He seemed to agree with me, but a crash coming from the warehouses made us both shut up and halt in our tracks. Bates and Burns quickly exchanged looks, then Bates gave us the sign to hang back and sprinted forward. The knot of anxiety was back in my stomach as I followed, but I did my best to ignore it. Unlike the air force base we’d raided in summer that had ended with Innes biting it, there was only a small chance of anyone actually dying on the premises, and while there were residential areas aplenty in walking distance, the airport didn’t look like a good hiding spot for the undead. The wind was coming from the south, carrying a whiff of decay over from the roads, but so far we hadn’t found any remains—or anything trashed for that matter.
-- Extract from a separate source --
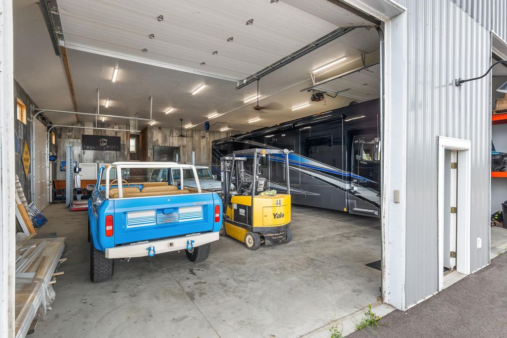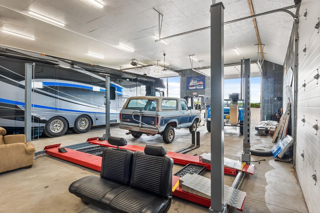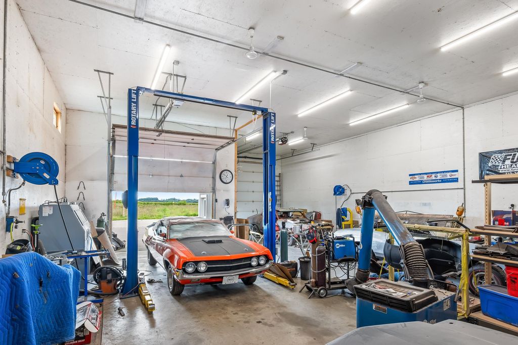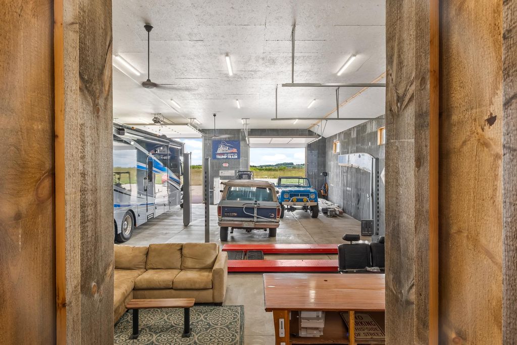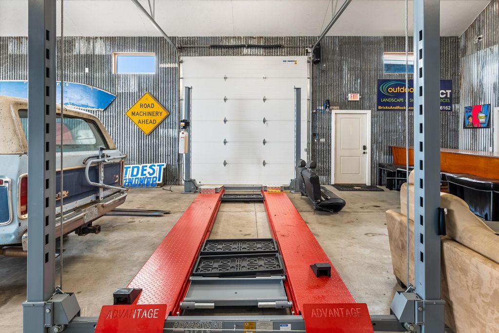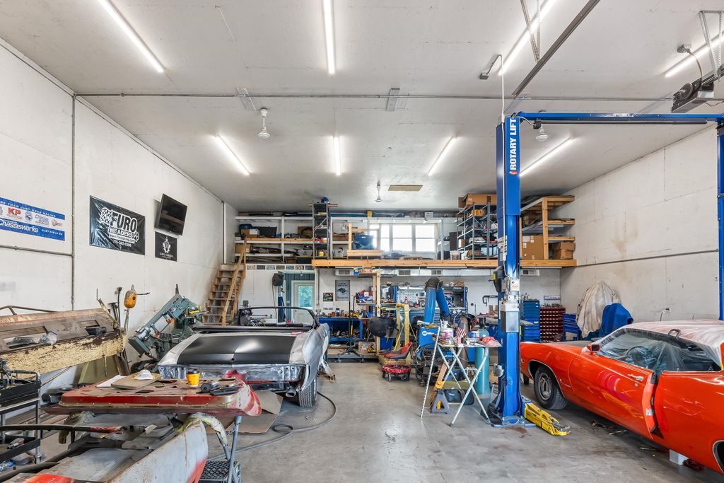 Nearly 7,000 sq. ft. of commercial space just outside Green Lake city limits with prime Hwy 23 visibility. Perfect for the ultimate man cave or your business venture. Featuring 3 bays, with the largest having a massive 3,300+ sq. ft. workshop (58' x 42') with three oversized overhead doors. Amenities include bathroom, locker room, shower, upper break room, guest room, and additional bath. Entire building is heated with partial air conditioning. A large central air compressor conveniently serves all 3 bays. Versatile, spacious, and ideally located"”this property is ready for your vision.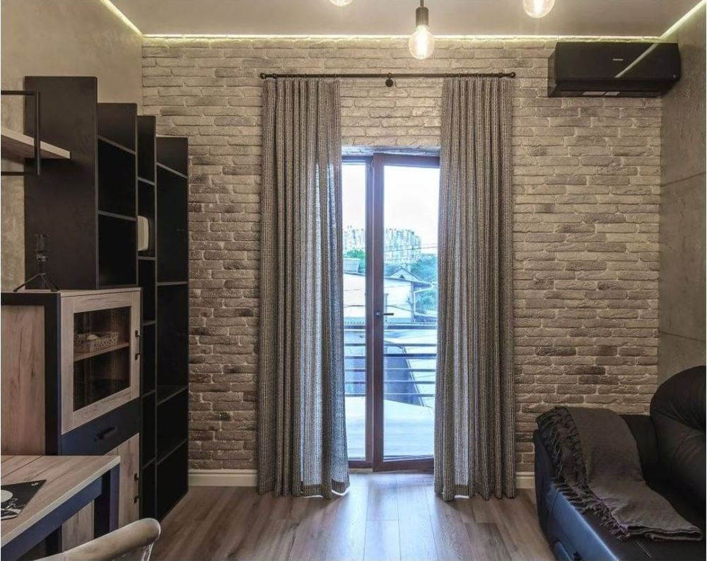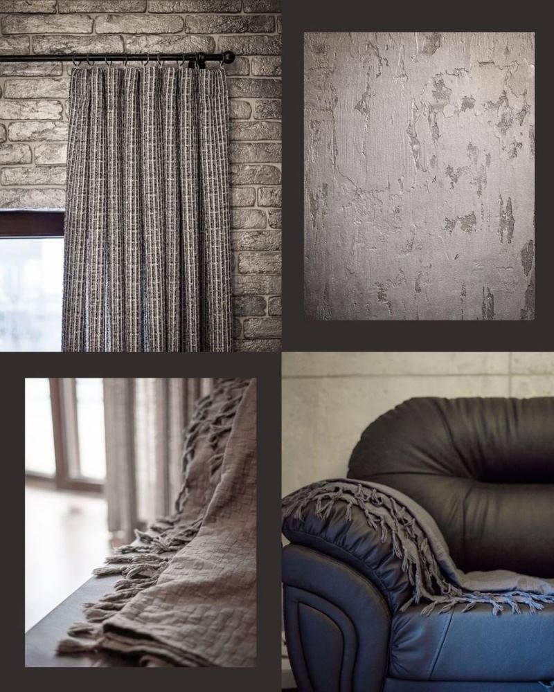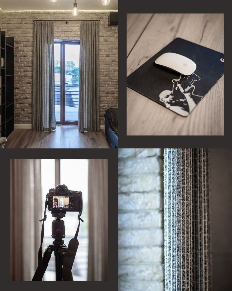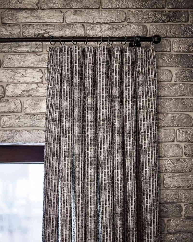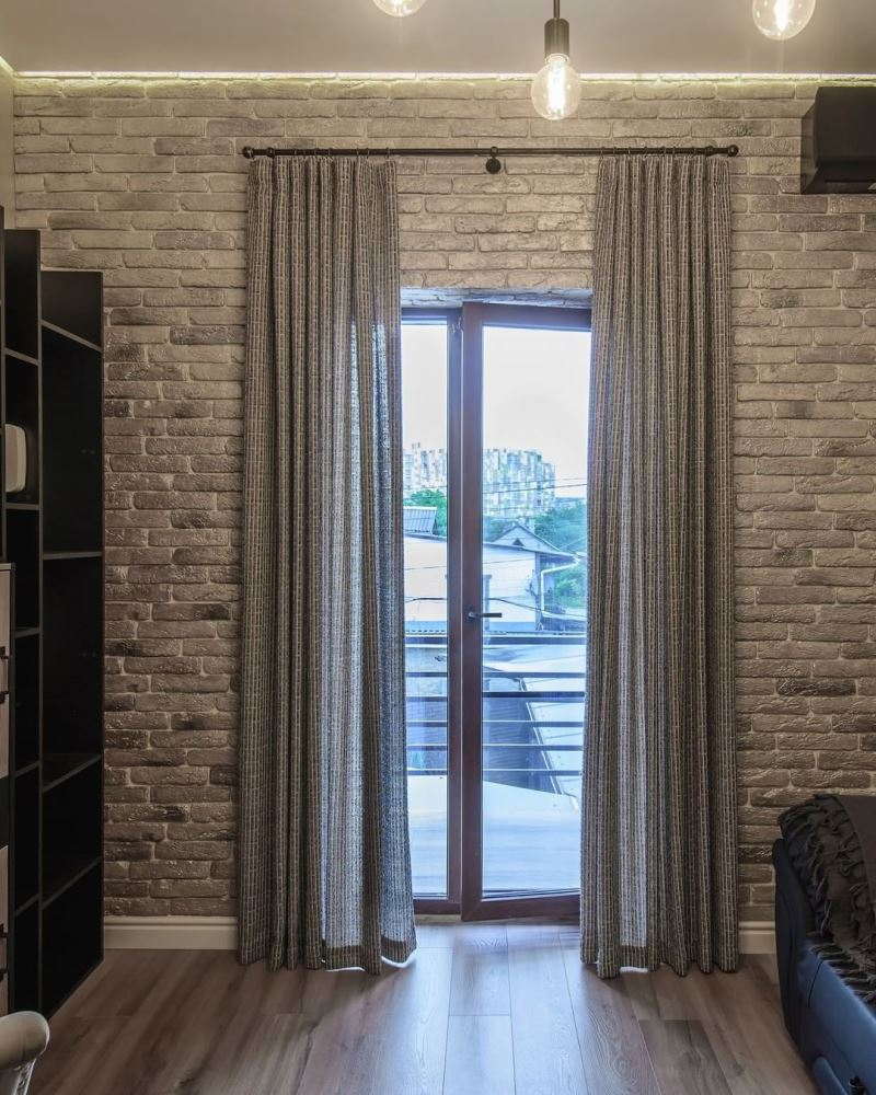Чёрный карниз подчеркнул графичность комнаты, отлично сочетаясь со светильником, темной мебелью и кирпичной декоративной стеной.

Raccoons, I told myself. And unless they were six feet tall, undead raccoons, they wouldn’t be a problem for us.
Bates reached the building and sprinted toward the nearest exit. Rather than wait for me to cover his back, he slipped inside just as I got to the corner, pausing for a moment to listen. His stupid bravado move made me want to curse under my breath, but I swallowed the exclamation—the sound of our voices might have triggered whatever was going on in there, so better keep it down. I sidled over to the door but waited until Martinez stopped next to me before I eased it open, peering inside.
The door opened into a small office space rather than the warehouse itself, the ceiling of the narrow hallway low enough to make me feel claustrophobic. There were two doors leading away before the hallway took a turn toward the warehouse, both of them open. I eased forward and glanced into the first, finding some employee lockers, the door of one of them torn off the hinges. A tidy office was behind the other. Bates must have done a cursory check on the way through as I saw his dirty bootprints on the light tiles a few feet in. I still made sure that nothing was hiding in there while Martinez moved past me to investigate beyond the corner. A break room, also empty, and then the open door into the warehouse. Burns went through first so all the two of us could do was follow.
As eager as he had seemed to commit suicide, Bates was waiting for the rest of us a few feet away from the exit of the hallway, intently studying our surroundings. Most of the warehouse was taken over by shelves reaching up to the roof, except for the south-western corner where two delivery trucks were standing, their cargo compartments half-full. It looked like someone had stopped loading them midway through the activity, but there were no signs of anyone leaving in a hurry. There were also no signs of anything else, and while the air didn’t smell fresh, it lacked that sharp scent of decay that made you want to hurl and run at the same time. At a first glance, I didn’t see anything that could have caused the noise we’d heard, but I wasn’t even sure if that had come from this warehouse.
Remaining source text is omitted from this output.